I want to evaluate this limit without applying Hopital rule,$$\lim_{x\to2}\frac{\sqrt[3]{x^2-x-1}-\sqrt{x^2-3x+3}}{x^3-8}$$ After expanding the denominator I got, $$\frac{1}{12}\lim_{x\to2}\frac{\sqrt[3]{x^2-x-1}-\sqrt{x^2-3x+3}}{x-2}$$Here I can introduce numerator as $f(x)$ And say the limit is in the form $\lim_{x\to 2}\frac{f(x)-f(2)}{x-2}=f'(2)$ But it is very similar to Hopital rule (if not the same).
I noticed that the fraction is in the form $2.\frac{\sqrt[3]A-\sqrt B}{A-B}$ or $2.\frac{M^2-N^3}{M^6-N^6}$ but not sure if this helps.
use $(a^6 - b^6) = (a-b)(a^5 + a^4b + a^3b^2 + a^2b^3 + ab^4 + b^5)$
Let $a = \sqrt [3]{x^2 - x - 1}, b = \sqrt{x^2 - 3x + 3}$
that is where we have $\frac {a-b}{x-2}$ we multiply top and bottom by $(a^5 + a^4b + a^3b^2 + a^2b^3 + ab^4 + b^5)$ giving
$\frac {a^6-b^6}{(x-2)(a^5 + a^4b + a^3b^2 + a^2b^3 + ab^4 + b^5)}$
$\frac {(x^2 - x - 1)^2 - (x^2 - 3x+3)^3}{(x-2)(a^5 + a^4b + a^3b^2 + a^2b^3 + ab^4 + b^5)}$
Multiply out the numerator and combine terms.

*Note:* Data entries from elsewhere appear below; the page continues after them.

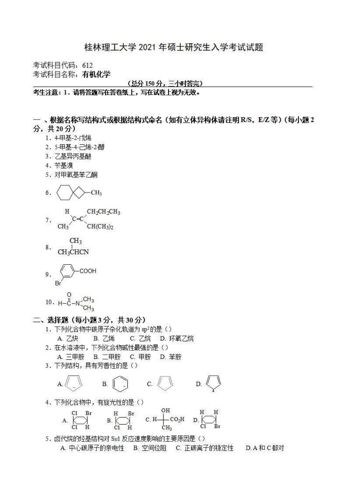 桂林理工大学612有机化学2021年真题
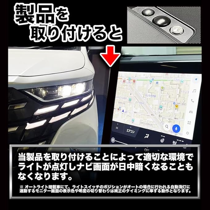 製品を装着する事で、明るさに応じた適切なタイミングでライトが点灯!少しの暗所でナビ画面が暗くなることもありません!
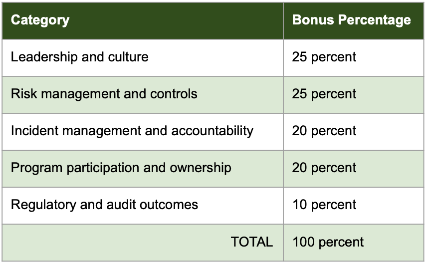 Each of the five categories also counted for a certain percentage of the total bonus amount. For example, leadership and culture accounted for 25 percent of the bonus, while regulatory and audit outcomes were only only 10 percent of the bonus. In theory, you could design your incentives program so that all five criteria were each worth 20 percent of the total, but I’m not sure that would ever make sense. For most executives in most industries, leadership does matter more than regulatory outcomes; so yes, you’d want to skew your incentive structure toward that category.
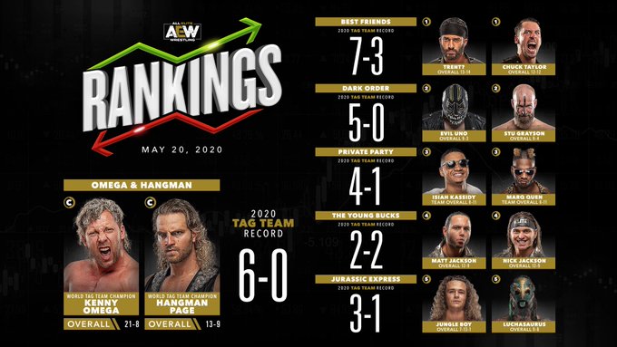 Best Friends are now ranked first in the tag division, moving up one spot and overtaking The Dark Order. Private Party have also moved up two spots and are now ranked third.
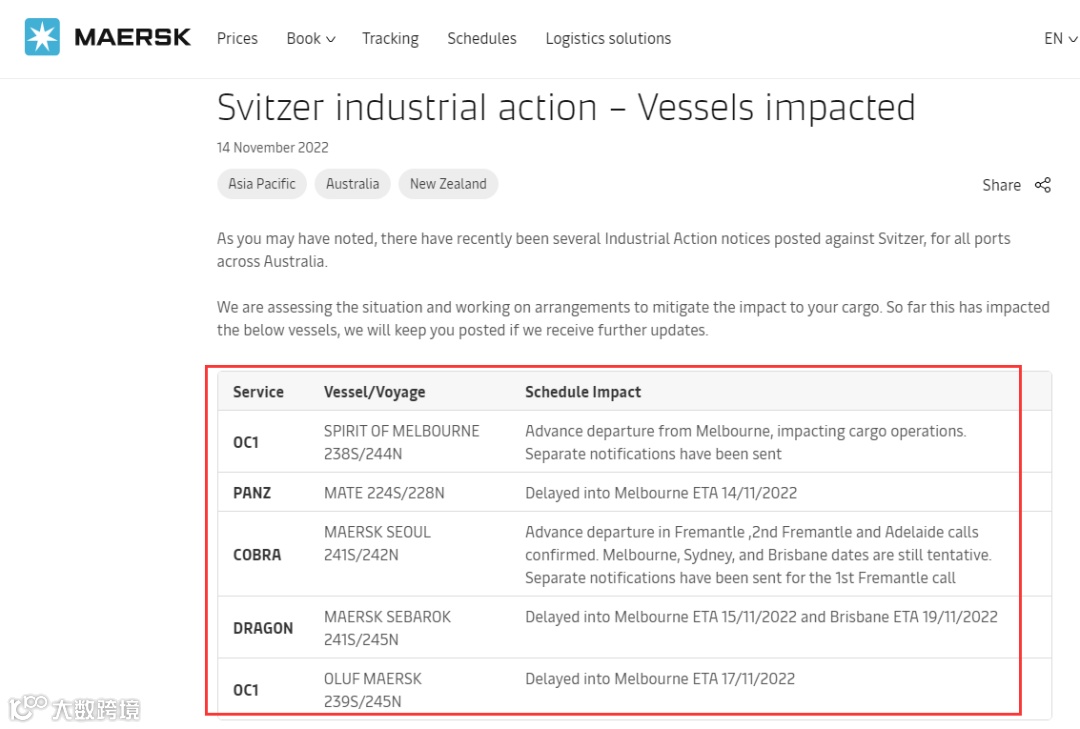 马士基官网发布了相关预警,到目前为止,这已经影响了以下船只。

If you haven't made an aglebra error, what you have will be something that divides by $(x-2).$ Factor out $(x-2)$ and cancel out the $(x-2)$ in the denominator.
Plug $x=2$ to evaluate the numerator.
And as $x$ approaches $2,$ $a,b$ approach $1,$ making the denominator equal $6$